→ WORKING DATA
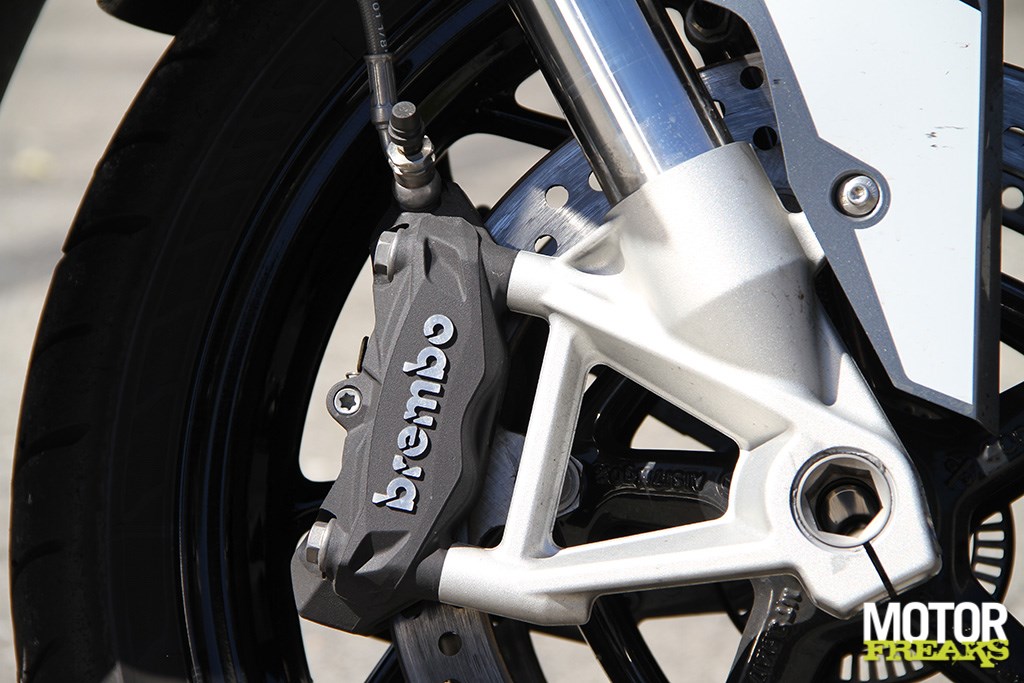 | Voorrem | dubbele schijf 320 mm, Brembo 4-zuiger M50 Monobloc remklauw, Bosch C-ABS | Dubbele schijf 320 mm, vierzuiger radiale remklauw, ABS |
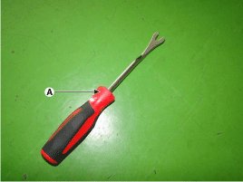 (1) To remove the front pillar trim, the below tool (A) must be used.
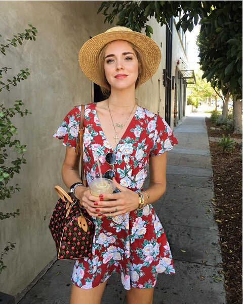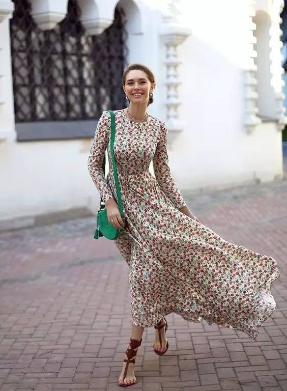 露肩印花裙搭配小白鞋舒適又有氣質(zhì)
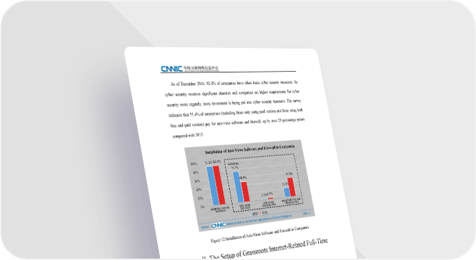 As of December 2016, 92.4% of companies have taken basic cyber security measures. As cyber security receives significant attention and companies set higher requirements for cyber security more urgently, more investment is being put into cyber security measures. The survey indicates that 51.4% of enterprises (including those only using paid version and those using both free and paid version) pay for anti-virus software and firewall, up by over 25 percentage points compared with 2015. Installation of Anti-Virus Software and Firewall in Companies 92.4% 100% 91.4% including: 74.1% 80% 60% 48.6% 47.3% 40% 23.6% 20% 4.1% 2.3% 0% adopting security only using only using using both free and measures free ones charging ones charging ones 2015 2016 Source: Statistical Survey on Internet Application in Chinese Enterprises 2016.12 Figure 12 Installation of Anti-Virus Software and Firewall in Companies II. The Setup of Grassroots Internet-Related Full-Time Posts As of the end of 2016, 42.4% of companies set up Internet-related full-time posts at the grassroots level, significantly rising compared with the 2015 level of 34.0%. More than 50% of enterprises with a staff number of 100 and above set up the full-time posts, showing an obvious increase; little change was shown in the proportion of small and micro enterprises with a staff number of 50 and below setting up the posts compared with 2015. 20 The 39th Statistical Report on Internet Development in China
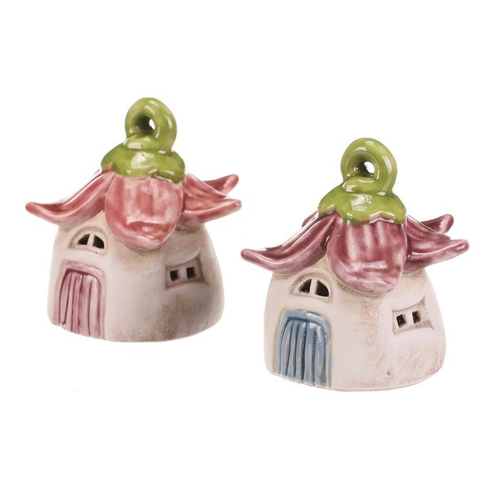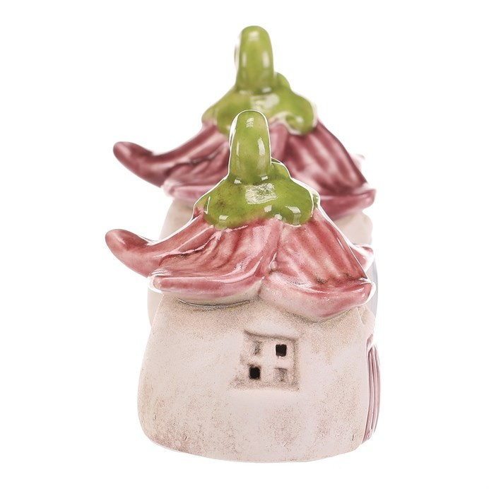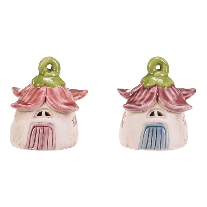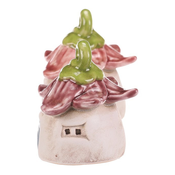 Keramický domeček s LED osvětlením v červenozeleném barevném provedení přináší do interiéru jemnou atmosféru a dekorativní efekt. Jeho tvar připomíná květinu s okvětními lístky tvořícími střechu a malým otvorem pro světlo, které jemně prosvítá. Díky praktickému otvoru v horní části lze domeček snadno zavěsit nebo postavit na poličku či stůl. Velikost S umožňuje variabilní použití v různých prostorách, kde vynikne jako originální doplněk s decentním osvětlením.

→ EXERCISE GOAL
From the records above, output only the lines starting at the one containing "(1) To remove" and ending at the one containing "露肩印花裙搭配小白鞋舒適又有氣質(zhì)", word for word. Pictures stay out.

→ EXERCISE RESPONSE
 (1) To remove the front pillar trim, the below tool (A) must be used.
 露肩印花裙搭配小白鞋舒適又有氣質(zhì)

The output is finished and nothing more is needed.